The country begins the second year of the COVID-19 pandemic with optimism because of three Emergency Use Authorization vaccines and President Joe Biden’s direction that all states make all adults eligible for vaccination by May 1, 2021. As more workers return to work in person, there are key considerations for employers in the coming months.

Evolving Legal Landscape While the Centers for Disease Control and Prevention (CDC) issued guidance and best practices throughout the last year, the decision as to whether to adopt, enforce, or exceed those guidelines was left exclusively to the states. What resulted was a patchwork of laws at the state, county, city, and local health department levels, and confusion as to which rules to follow and when.

The Biden administration has expressed a willingness to take more measures at the federal level and has increased uniformity in terms of approaches for vaccination, isolation and quarantine, and safety measures.

However, uniformity may not translate to a less fluid environment.
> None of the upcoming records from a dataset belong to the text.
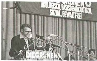
Gründungsparteitag der Grünen
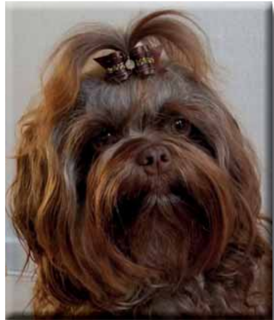
Hane och tik med utmärkt uttryck och fint förhållande nos, ögon.
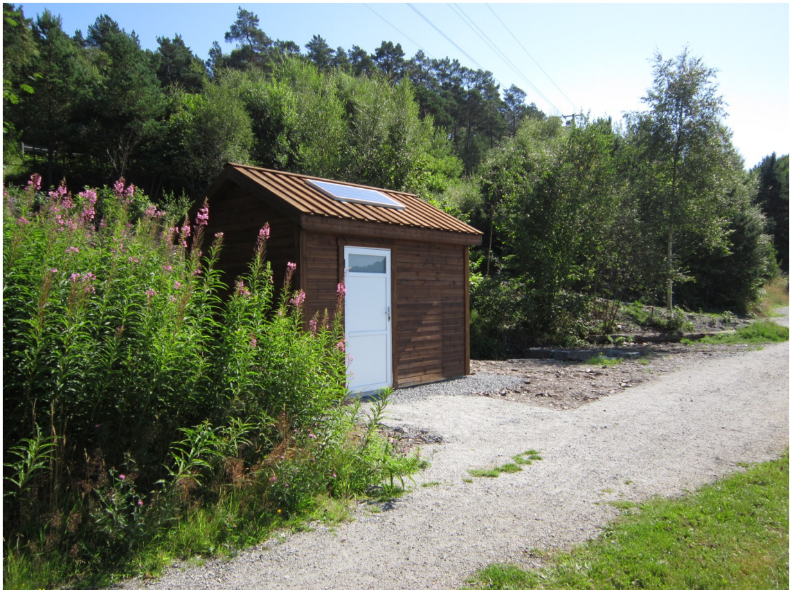
Nytt toalettbygg (2012) ved turvegen og badestranda på østsida av Ådlandsvatnet
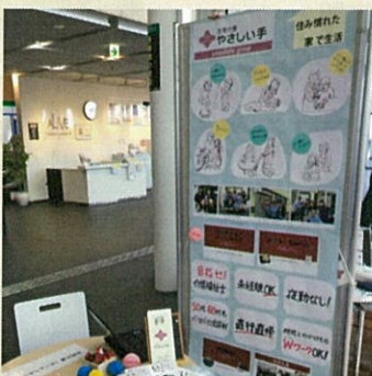
介護フェアに出展しました
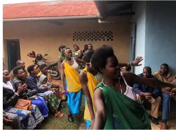
Feest na de hoogmis
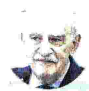
GIAN CARLO BLANGIARDO Da febbraio 2019 è presidente dell'Istat

SERVE FARE COMUNITÀ «Per il benessere dei cittadini occorre realizzare più spazi di socializzazione»
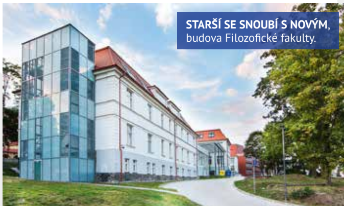
STARŠÍ SE SNOUBÍ S NOVÝM, budova Filozofické fakulty.
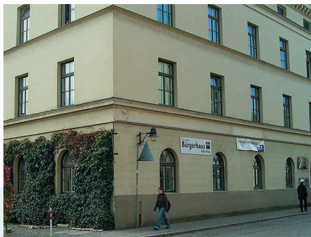
Die Alte Post

Ein ganz aktuelles generationenübergreifendes Projekt – EULE (Erleben, Unterrichten, Lernen) – ist erst kürzlich gestartet: Junge „Lehrerinnen“ und „Lehrer“ – aus den Abschlussklassen der Gymnasien – bieten Senioren ihre Kurse an. Dabei kann aktueller Unterrichtsstoff aus der Schule ebenso auf dem „Stundenplan“ stehen wie Schulungen im Umgang mit Computern und Handys. Umgekehrt geben SeniorInnen und Senioren im Erzählcafé im Bürgerhaus ihr Wissen und
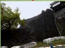
対策：鉄筋ネットで覆う （2020年3月26日）
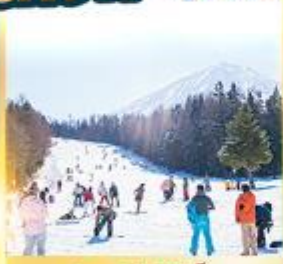
ลานสกีฟูจิเท็น
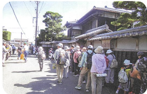
【句碑めぐりウォーキング】
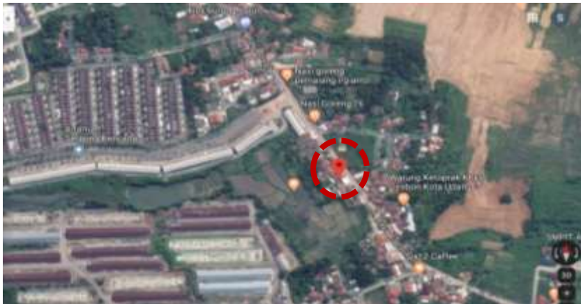
Gambar 1. Lokasi Majelis Taklim Al Musa'adah

Kondisi bangunan yang kurang layak serta kurangnya fasilitas, menyebabkan aktivitas keagamaan menjadi kurang nyaman. Pada interior bangunan kondisi plafon sudah mulai rusak, karpet pada bangunan juga hanya sedikit dan sudah kurang layak. Selain itu, fasilitas penunjang sebagai tempat keagamaan juga masih kurang, seperti; meja untuk mengaji, lemari tempat menaruh Al Qur'an, buku-buku keagamaan, serta lampu penerangan yang minim.
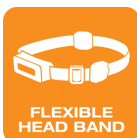
FLEXIBLE HEAD BAND
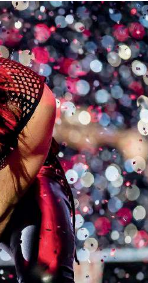
Pattinaggio sul ghiaccio di fronte al mare a Cesenatico, spettacolo della compagnia Eventi Verticali in piazza Saffi a Forlì
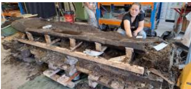
Werkzaamheden aan de in Esch opgegraven boomstamkano. 22 oktober 2024 in het Oertijdmuseum
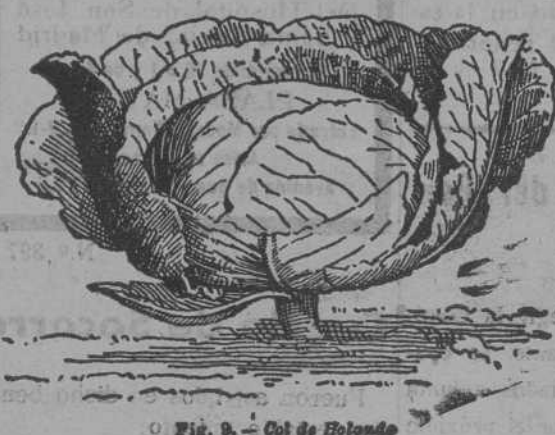
Fig. 9. - Col de Holanda

Remolachas variadas, guisantes y judías. Tubérculos de flores variadas. Gran surtido.
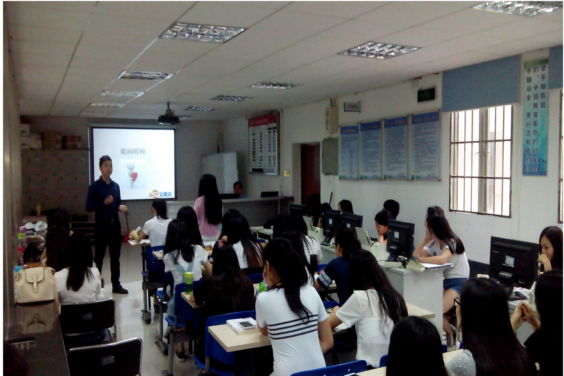
图 4：郑经理与学生互动
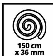
150 cm x 36 mm
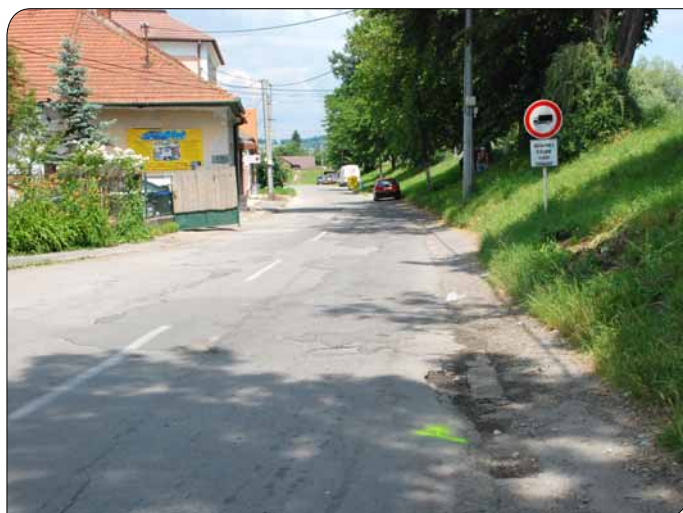
> Ulica L. Stárka pred opravou
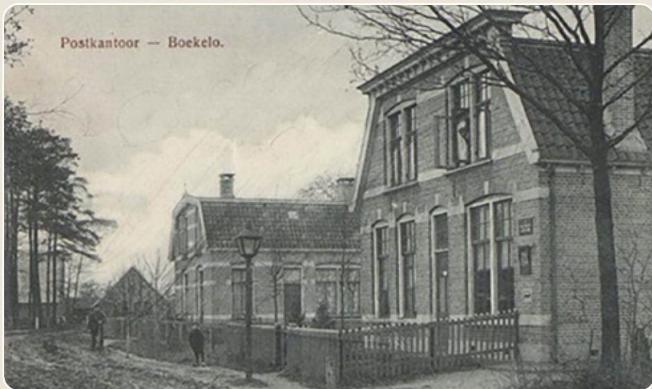
Postkantoor — Boekelo.

De wegen zyn des zomers, hoewel op vele plaatsen mul, wel door een lichte auto te beryden; in de winter echter by veel regen zyn de meeste wegen niet te beryden. Daar de streek, waar de geneesheer zyn werk zal moeten doen, een groot oppervlak beslaat, is het wel gewenscht, dat hy het motorryden machtig is. Fietspaden zyn in tamelijk goeden toestand, echter de landwegen voor auto's te slecht.”
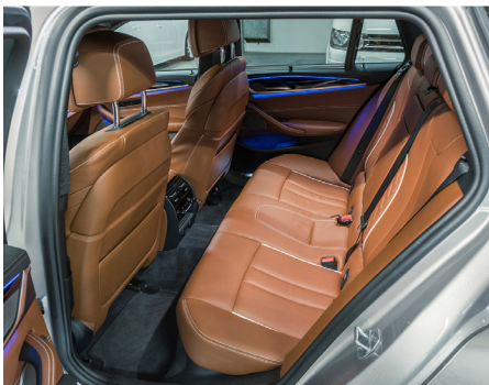
Accogliente divano dai contorni scolpiti.
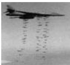
Bombardero estratégico B-1B Lancer.
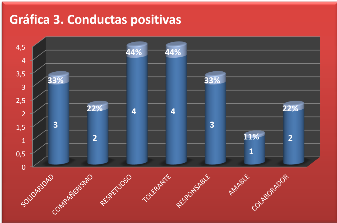
Gráfica 3. Conductas positivas

Conductas positivas identificadas en los niños del curso 501.
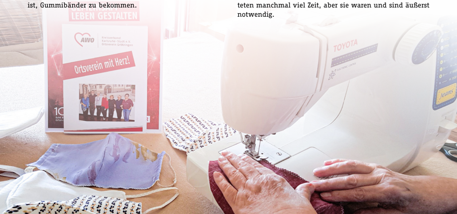
10 Eine weitere Aktion im Ortsverein: 5 Mitglieder haben für die Mitglieder über 200 Mund-Nasen-Bedeckungen genäht.
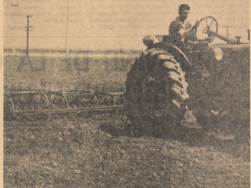
Mecanizatorii care lucrează pe ogarele G.A.C. Fărcașele, raionul Caracal, execută în aceste zile lucrări de întreținere a culturilor cu ajutorul sapei rotative

Gospodăria colectivă din Ciurapi, raionul Fetești, se situează printre primele gospodării care au început lucrările de întreținere a culturilor cu ajutorul sapei rotative
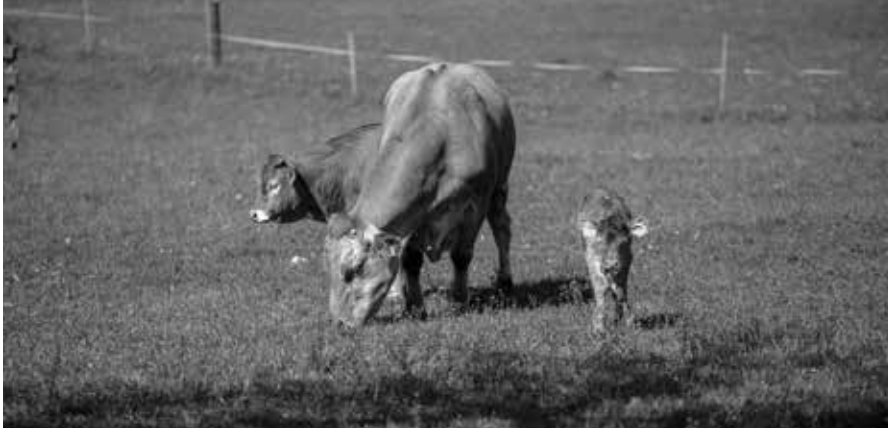
Schon bald werden die Kühe, Rinder und Kälber auf den Wiesen weiden.

Die Sömmerungsvorschriften für den Auftrieb von Vieh auf Alpen und gemeinsame Weiden sind inhaltlich weitgehend identisch mit denjenigen vom Vorjahr.

The CDC, Department of Labor, and new administration continue to issue updates regularly, making it challenging for many employers to keep up.

OSHA Guidance for Employers Although states are starting to lift or ease restrictions, employers can expect increased enforcement from the Occupational Safety and Health Administration (OSHA). On March 12, 2021, OSHA announced a National Emphasis Program (NEP) related to COVID-19, targeting “specific high-hazard industries or activities where this hazard is prevalent” and adding a focus on anti-retaliation efforts. The NEP covers certain healthcare industries (e.g., hospitals, home health, and skilled nursing facilities, among many others) and non-healthcare industries that have experienced high rates of COVID-19 infection (i.e., meat and poultry processing) or are public facing (i.e., restaurants, supermarkets, and grocery stores) and critical infrastructure. OSHA also will use calendar year 2020 Form 300A data to identify establishments with elevated rates of illness. With respect to anti-retaliation efforts, OSHA will increase efforts to ensure workers are aware of retaliation protections. (For a more detailed summary of the NEP, see OSHA Publishes New National Emphasis Program Targeting COVID-19 Enforcement.)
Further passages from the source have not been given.